ISO/IEC-8859-2 (1999)
8-bit
single-byte coded graphic character sets — Part 2: Latin alphabet No. 2 is part
of the ISO/IEC 8859 series of ASCII-based standard character encodings
consisting of 131 characters from the Latin script. It is generally
intended for Central or "Eastern European" languages that are written
in the Latin script. Note that ISO/IEC 8859-2 is very different from code page
852 (MS-DOS Latin 2, PC Latin 2) which is also referred to as
"Latin-2" in Czech and Slovak regions.
WINDOWS-1252
This character encoding is a superset of ISO
8859-1 in terms of printable characters, but differs from the IANA's ISO-8859-1
by using displayable characters rather than control characters in the 80 to 9F
(hex) range. Notable additional characters are curly quotation marks, the Euro
sign, and all the printable characters that are in ISO 8859-15. It is known to
Windows by the code page number 1252, and by the IANA-approved name
"windows-1252".
It is very common to mislabel Windows-1252
text with the charset label ISO-8859-1. A common result was that all the quotes
and apostrophes (produced by "smart quotes" in word-processing
software) were replaced with question marks or boxes on non-Windows operating
systems, making text difficult to read. Most modern web browsers and e-mail
clients treat the MIME charset ISO-8859-1 as Windows-1252 to accommodate such
mislabeling. This is now standard behavior in the HTML5 specification, which
requires that documents advertised as ISO-8859-1 actually be parsed with the
Windows-1252 encoding.
Historically, the phrase "ANSI Code
Page" (ACP) is used in Windows to refer to various code pages considered
as native. The intention was that most of these would be ANSI standards such as
ISO-8859-1. Even though Windows-1252 was the first and by far most popular code
page named so in Microsoft Windows parlance, the code page has never been an
ANSI standard. Microsoft explains, "The term ANSI as used to signify
Windows code pages is a historical reference, but is nowadays a misnomer that
continues to persist in the Windows community."
ISO/IEC
2022
Is an ISO
standard specifying a technique for including multiple character sets in a
single character encoding system, and a technique for representing these
character sets in both 7 and 8 bit systems using the same encoding.
To represent
multiple character sets, the ISO/IEC 2022 character encodings include escape
sequences which indicate the character set for characters which follow. The
escape sequences are registered with ISO and follow the patterns defined within
the standard. These character encodings require data to be processed
sequentially in a forward direction since the correct interpretation of the
data depends on previously encountered escape sequences. Note, that other
standards such as ISO-2022-JP may impose additional conditions such as the
current character set is reset to US-ASCII at the end of a line.
Shift-JIS
a character
encoding for the Japanese language, originally developed by a Japanese company
called ASCII Corporation in conjunction with Microsoft and standardized as JIS
X 0208 Appendix 1. The single-byte characters 0x00 to 0x7F match the ASCII
encoding, except for a yen sign (U+00A5) at 0x5C and an overline (U+203E) at
0x7E in place of the ASCII character set's backslash and tilde respectively.

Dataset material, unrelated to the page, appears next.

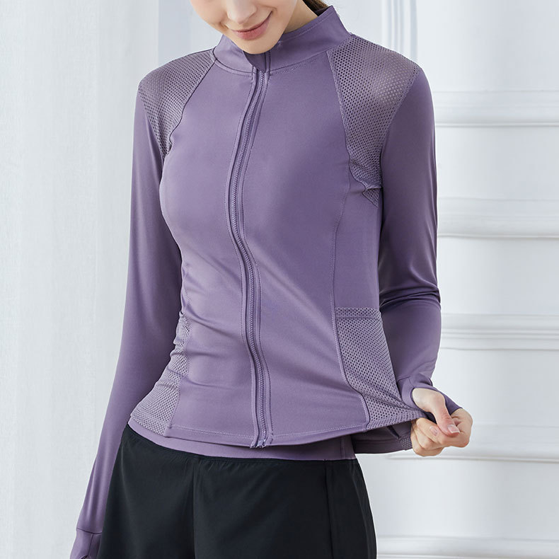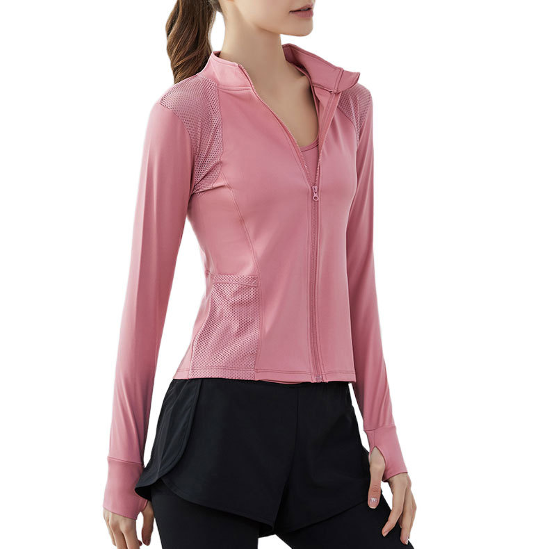 Stand Collar Fitness Clothing Sports Jacket Women's Training Running Quick-drying Zipper Cardigan Long-sleeved Gym Yoga Clothing

The single-byte characters from 0xA1 to 0xDF map to the half-width katakana
characters found in JIS X 0201.The lead bytes for the double-byte characters
are "shifted" around the 64 half-width katakana characters in the single-byte
range 0xA1 to 0xDF.
GB 2312
The registered internet name for a key official character set
of the People's Republic of China, used for simplified Chinese characters. GB
abbreviates Guojia Biaozhun, which means national standard in Chinese.
Big5
A Chinese character encoding method used in Taiwan, Hong
Kong, and Macau for Traditional Chinese characters.